Jim Manzi (born 1951) is the former chairman, president and CEO of Lotus Development Corporation and is currently a private investor in various technology start-up ventures.

Early career
Manzi received his B.A. in Classics from Colgate University in 1973, and later received his M.A. in International Relations from the Fletcher School of Law and Diplomacy at Tufts University in Medford, Massachusetts.  In 1973, Manzi was a research assistant to William F. Buckley, and journeyed to the Soviet Union with the editorial staff of National Review. Later, Manzi worked as a management consultant at McKinsey & Company.

Lotus
In 1982, Manzi joined Lotus Development.  In 1984, he became President and two years later Chairman and CEO succeeding founder Mitchell Kapor.

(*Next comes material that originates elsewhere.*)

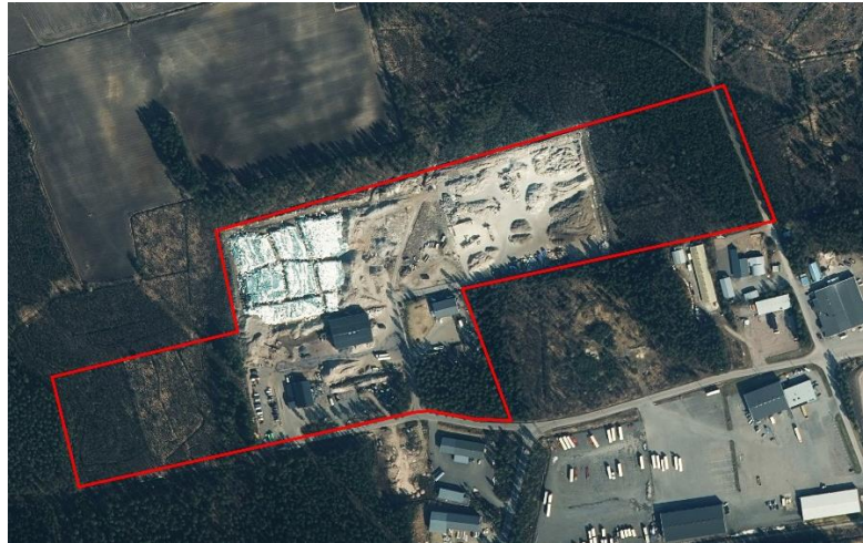
Kaava-alueen sijainti ja rajaus osoitekartalla ja ilmakuvassa.

When Kapor left the company, Manzi steered the company away from desktop application software. He is credited with successfully migrating the company to and creating a new category of network applications. The product, Lotus Notes, was developed by Ray Ozzie and a team of engineers at Iris Associates, in conjunction with a core team at Lotus. Ultimately the company was sold for a $3.5 billion to IBM. largely on the strength of the potential of Lotus Notes.  On October 11, 1995 Manzi announced his resignation from the Lotus division of IBM.

Career after Lotus
Since 1995, via his investment company Stonegate Capital, Manzi has been involved in the creation and development of a number of technology start-up ventures.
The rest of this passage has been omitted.